### Extracted records:
..........
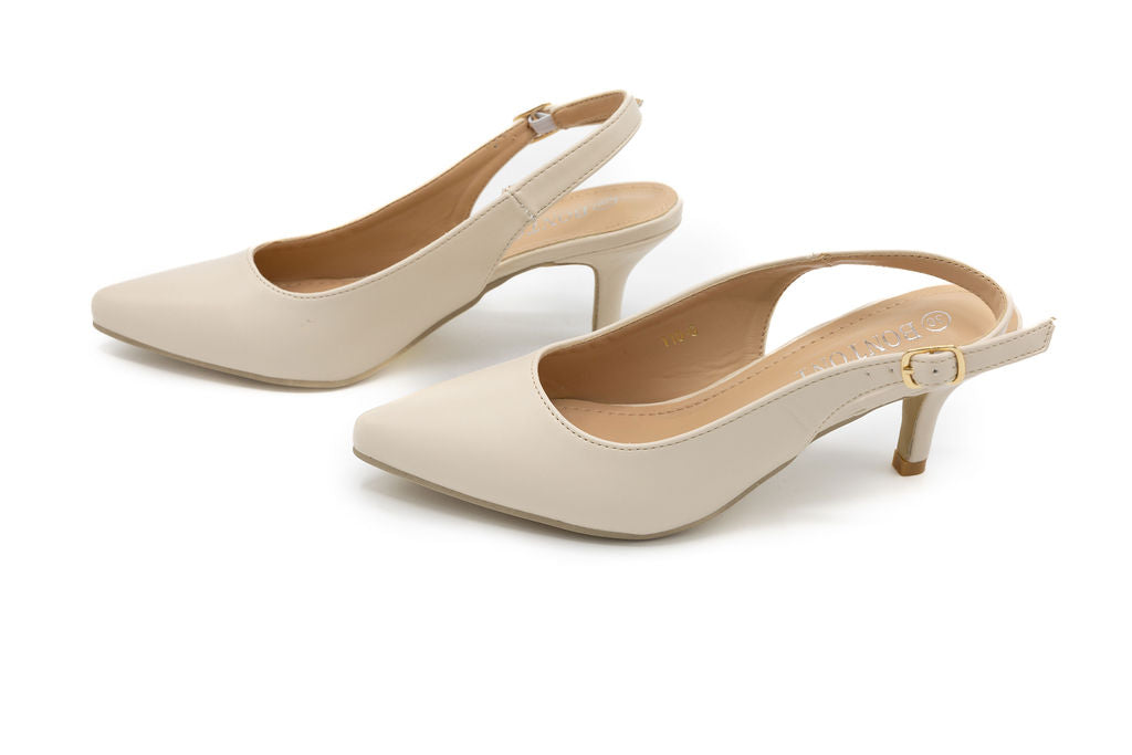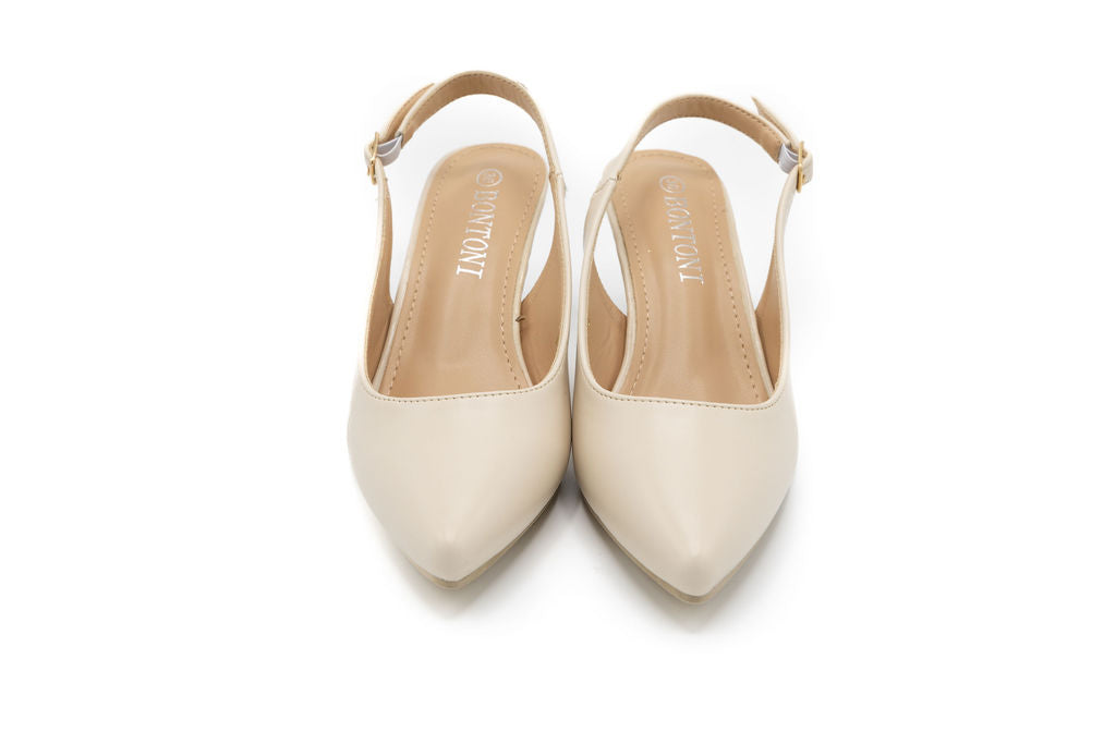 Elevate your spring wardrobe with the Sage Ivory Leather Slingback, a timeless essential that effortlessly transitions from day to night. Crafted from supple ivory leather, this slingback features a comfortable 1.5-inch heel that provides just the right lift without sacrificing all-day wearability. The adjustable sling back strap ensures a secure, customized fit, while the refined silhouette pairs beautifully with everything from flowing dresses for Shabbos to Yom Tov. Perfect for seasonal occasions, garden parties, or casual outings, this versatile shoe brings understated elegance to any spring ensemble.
..........
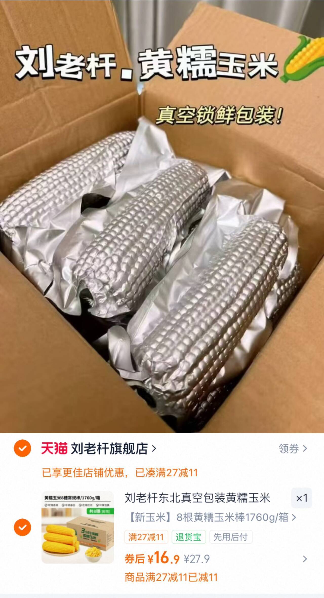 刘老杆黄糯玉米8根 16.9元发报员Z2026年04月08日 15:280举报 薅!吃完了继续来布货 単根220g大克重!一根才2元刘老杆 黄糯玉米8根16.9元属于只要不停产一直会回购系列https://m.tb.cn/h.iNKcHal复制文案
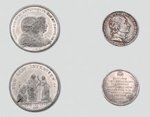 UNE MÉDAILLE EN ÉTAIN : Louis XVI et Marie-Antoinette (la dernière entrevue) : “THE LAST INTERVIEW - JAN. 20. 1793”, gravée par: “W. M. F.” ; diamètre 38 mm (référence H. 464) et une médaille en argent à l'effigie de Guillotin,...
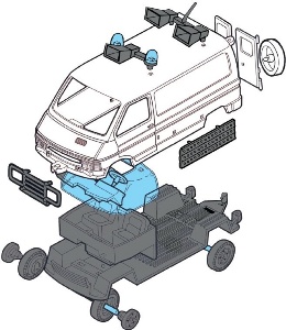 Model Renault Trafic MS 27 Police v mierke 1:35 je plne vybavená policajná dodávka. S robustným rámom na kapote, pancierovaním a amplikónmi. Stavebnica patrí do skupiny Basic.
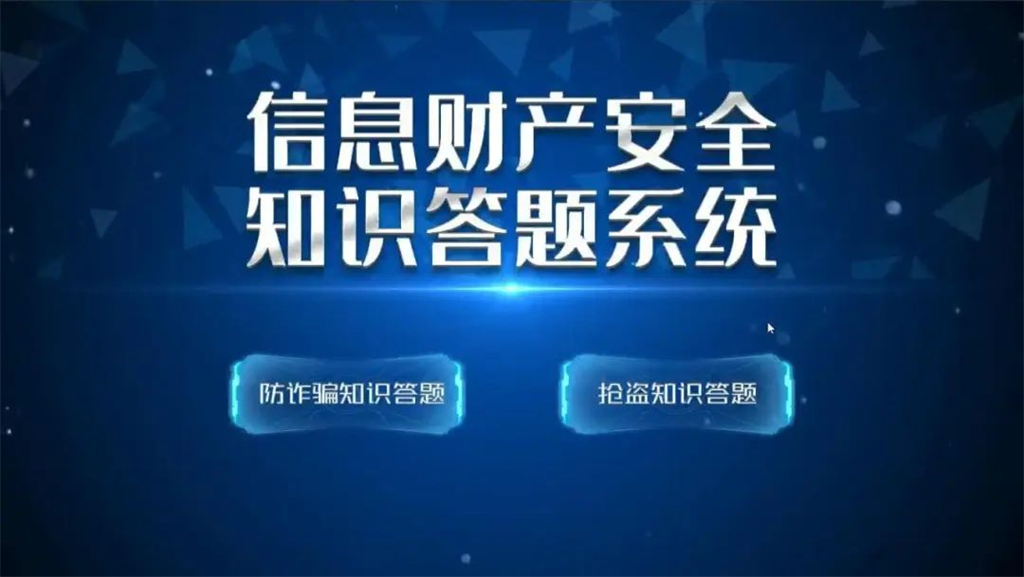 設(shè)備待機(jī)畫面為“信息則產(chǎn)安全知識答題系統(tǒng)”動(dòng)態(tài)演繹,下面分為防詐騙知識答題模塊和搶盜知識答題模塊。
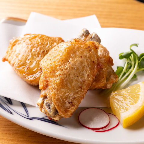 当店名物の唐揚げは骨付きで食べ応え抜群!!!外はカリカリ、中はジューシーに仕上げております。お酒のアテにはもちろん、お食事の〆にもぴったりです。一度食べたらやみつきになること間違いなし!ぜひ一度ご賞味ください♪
..........
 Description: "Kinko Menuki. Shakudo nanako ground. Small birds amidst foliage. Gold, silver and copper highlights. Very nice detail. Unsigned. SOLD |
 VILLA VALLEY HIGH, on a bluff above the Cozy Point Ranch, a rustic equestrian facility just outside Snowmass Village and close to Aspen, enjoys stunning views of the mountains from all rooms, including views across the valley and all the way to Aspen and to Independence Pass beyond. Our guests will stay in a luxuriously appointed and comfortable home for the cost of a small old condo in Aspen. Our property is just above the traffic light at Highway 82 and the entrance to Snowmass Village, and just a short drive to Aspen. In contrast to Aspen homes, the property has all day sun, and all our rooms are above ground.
..........
### Problem details:
Repeat exactly the lines above, beginning at the one containing "設(shè)備待機(jī)畫" and ending at the one containing "当店名物の唐揚げは骨付きで食". Do not carry over any pictures.

### The completed task:
 設(shè)備待機(jī)畫面為“信息則產(chǎn)安全知識答題系統(tǒng)”動(dòng)態(tài)演繹,下面分為防詐騙知識答題模塊和搶盜知識答題模塊。
 当店名物の唐揚げは骨付きで食べ応え抜群!!!外はカリカリ、中はジューシーに仕上げております。お酒のアテにはもちろん、お食事の〆にもぴったりです。一度食べたらやみつきになること間違いなし!ぜひ一度ご賞味ください♪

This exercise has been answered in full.